Beyond human: a new design ethic emerges
At the heart of the exhibition is a profound question: What if we designed not just for ourselves, but for the ecosystems we inhabit? This beyond human philosophy challenges the dominance of human-centered thinking in Western design. Instead, it offers a model where the flourishing of forests, oceans, insects, and pollinators is just as vital as that of people.
This shift is embodied in major new works such as Julia Lohmann’s immersive installation Kelp Council, a large-scale seaweed formation resembling an assembly of marine beings deep in ecological conversation. Equally impactful is Alexandra Daisy Ginsberg’s tapestry, which imagines the world from the perspective of pollinators—those often-invisible agents of biodiversity.
Beyond human design: three sections, one planet
The exhibition unfolds across three sections, each offering a different entry point into beyond human design.
The first section, Being Landscape, explores the deep-rooted connections between humans and nature through art, craft, and cultural practice. Highlights include Solange Pessoa’s organic paintings, which blur the boundaries between the vegetal and the human, and Hélio Melo’s works, which record his life in the Amazon and the environmental threats it faces.
Photographs by Federico Borella and Michela Balboni document the Rumiti ritual of Southern Italy, where men become trees to honor their ancestral bond with nature. British artist Jonathan Baldock’s bronze masks, inspired by pagan corn dolls, speak to agricultural memory, while finely crafted basketry by the Ye’kuana people of Venezuela offers insight into Indigenous design as ecological knowledge.
The second section, Making With the World, introduces speculative and real-world design solutions for multispecies survival.
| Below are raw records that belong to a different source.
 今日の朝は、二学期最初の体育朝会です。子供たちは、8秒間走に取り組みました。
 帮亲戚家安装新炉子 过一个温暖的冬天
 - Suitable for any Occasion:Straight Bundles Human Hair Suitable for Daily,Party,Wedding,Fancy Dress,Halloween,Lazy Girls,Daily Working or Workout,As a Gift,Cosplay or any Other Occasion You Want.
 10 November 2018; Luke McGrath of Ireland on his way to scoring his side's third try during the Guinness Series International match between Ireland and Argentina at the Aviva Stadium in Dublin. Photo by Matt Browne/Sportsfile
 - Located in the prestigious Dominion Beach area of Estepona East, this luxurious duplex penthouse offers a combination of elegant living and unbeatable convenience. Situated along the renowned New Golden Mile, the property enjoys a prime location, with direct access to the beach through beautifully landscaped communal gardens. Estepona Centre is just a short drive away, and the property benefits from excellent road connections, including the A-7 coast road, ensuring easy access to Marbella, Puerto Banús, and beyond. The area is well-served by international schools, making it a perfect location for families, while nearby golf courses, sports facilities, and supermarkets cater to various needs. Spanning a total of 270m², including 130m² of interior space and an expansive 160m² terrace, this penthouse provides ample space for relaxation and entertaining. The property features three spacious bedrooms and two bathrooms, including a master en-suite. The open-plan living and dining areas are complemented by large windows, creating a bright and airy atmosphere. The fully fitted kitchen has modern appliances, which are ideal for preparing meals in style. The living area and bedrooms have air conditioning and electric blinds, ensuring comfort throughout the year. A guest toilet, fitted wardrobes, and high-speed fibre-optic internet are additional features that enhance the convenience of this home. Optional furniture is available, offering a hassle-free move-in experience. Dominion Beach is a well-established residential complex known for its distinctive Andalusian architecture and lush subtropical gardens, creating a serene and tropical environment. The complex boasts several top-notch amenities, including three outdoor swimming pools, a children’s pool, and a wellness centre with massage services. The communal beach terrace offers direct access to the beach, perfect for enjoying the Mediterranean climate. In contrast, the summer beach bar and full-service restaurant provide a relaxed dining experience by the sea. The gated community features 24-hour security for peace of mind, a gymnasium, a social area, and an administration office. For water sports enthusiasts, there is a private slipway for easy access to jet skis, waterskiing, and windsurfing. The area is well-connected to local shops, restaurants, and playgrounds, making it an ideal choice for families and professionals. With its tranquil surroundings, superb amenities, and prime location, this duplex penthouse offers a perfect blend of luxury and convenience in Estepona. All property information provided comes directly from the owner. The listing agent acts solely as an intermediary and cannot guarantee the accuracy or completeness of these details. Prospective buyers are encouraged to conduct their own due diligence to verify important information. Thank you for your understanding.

Among them are Reef Design Lab’s Living Seawalls, which provide artificial habitats for marine life, and their Modular Artificial Reef Structure II, used to regenerate coral ecosystems.
On land, the Alusta Pavilion by Elina Koivisto and Maiju Suomi demonstrates how architecture can support biodiversity, offering shelter to both humans and insects in urban environments. Meanwhile, Johanna Seelemann’s Oase vessels, inspired by ancient irrigation and contemporary car parts, offer a poetic yet practical way to water city trees with minimal impact.
In a time of climate urgency, the More than Human exhibition doesn’t just ask what design can do—it asks for whom it should be done. With its powerful message and rich interdisciplinary mix, this show is more than an exhibition; it’s a call to action for designers, artists, and citizens to see the planet not as a resource, but as a living community.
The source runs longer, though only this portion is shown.